## Exercise
Reproduce the entries below exactly, but only from the line containing "随着农业向专业化、规模化发展" to the line containing "Ce sont des", inclusive.

## Information shown
- Opening Delimiter -
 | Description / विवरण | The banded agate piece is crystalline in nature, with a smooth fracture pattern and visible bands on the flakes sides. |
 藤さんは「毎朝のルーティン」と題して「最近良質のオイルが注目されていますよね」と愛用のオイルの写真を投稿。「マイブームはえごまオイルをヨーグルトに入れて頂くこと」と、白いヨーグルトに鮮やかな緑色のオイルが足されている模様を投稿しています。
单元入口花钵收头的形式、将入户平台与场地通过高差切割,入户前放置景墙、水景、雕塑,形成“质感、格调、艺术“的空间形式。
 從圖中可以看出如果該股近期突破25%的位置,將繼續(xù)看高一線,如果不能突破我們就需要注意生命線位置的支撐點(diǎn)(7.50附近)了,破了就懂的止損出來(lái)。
- Closing Delimiter -
- Opening Delimiter -
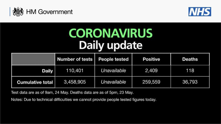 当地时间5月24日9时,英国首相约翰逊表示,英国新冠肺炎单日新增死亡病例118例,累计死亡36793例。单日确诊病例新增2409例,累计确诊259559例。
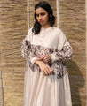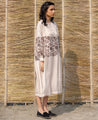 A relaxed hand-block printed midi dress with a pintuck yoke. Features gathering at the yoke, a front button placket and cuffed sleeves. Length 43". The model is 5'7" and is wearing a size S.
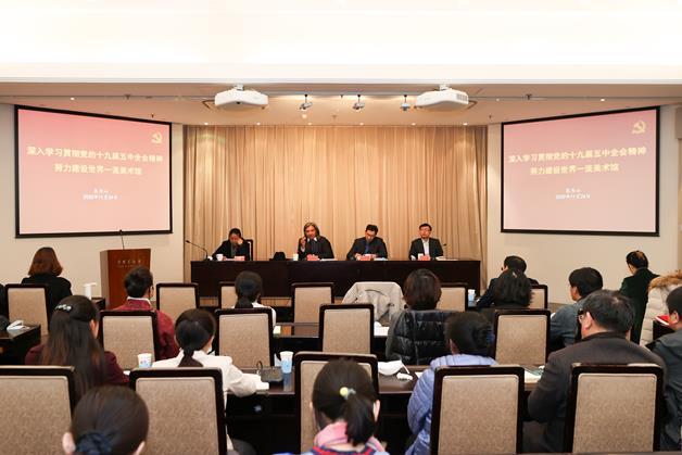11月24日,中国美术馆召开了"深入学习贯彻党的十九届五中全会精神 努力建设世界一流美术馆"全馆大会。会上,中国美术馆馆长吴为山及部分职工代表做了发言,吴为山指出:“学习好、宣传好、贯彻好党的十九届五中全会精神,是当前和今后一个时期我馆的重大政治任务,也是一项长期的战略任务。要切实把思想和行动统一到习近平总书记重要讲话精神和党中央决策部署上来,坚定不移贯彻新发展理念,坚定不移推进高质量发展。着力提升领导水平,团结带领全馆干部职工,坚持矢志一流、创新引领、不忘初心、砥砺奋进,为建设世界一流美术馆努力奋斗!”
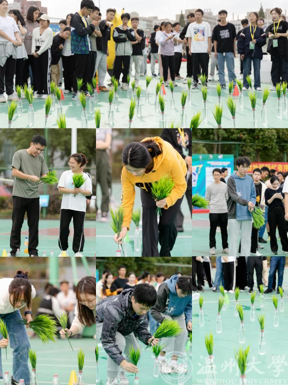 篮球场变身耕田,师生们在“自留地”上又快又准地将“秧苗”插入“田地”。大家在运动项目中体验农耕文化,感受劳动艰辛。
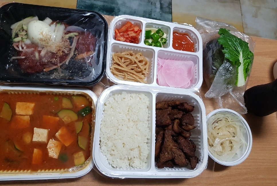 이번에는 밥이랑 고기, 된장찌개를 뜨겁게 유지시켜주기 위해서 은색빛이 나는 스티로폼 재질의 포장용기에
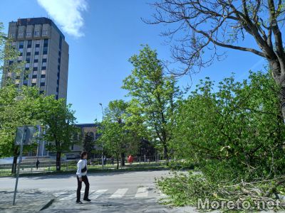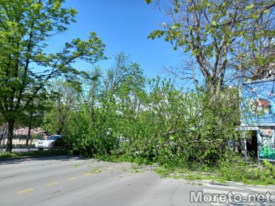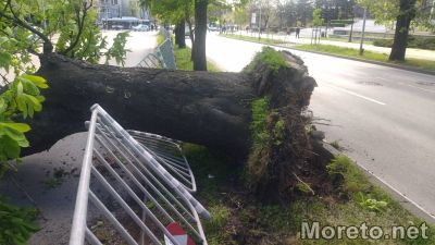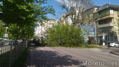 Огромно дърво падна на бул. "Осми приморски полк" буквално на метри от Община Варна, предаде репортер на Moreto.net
- Closing Delimiter -
- Opening Delimiter -
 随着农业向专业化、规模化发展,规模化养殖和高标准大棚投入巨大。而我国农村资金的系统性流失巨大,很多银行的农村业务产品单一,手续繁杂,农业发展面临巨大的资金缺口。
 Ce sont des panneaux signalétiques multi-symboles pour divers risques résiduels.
- Closing Delimiter -
## Answer to this exercise
 随着农业向专业化、规模化发展,规模化养殖和高标准大棚投入巨大。而我国农村资金的系统性流失巨大,很多银行的农村业务产品单一,手续繁杂,农业发展面临巨大的资金缺口。
 Ce sont des panneaux signalétiques multi-symboles pour divers risques résiduels.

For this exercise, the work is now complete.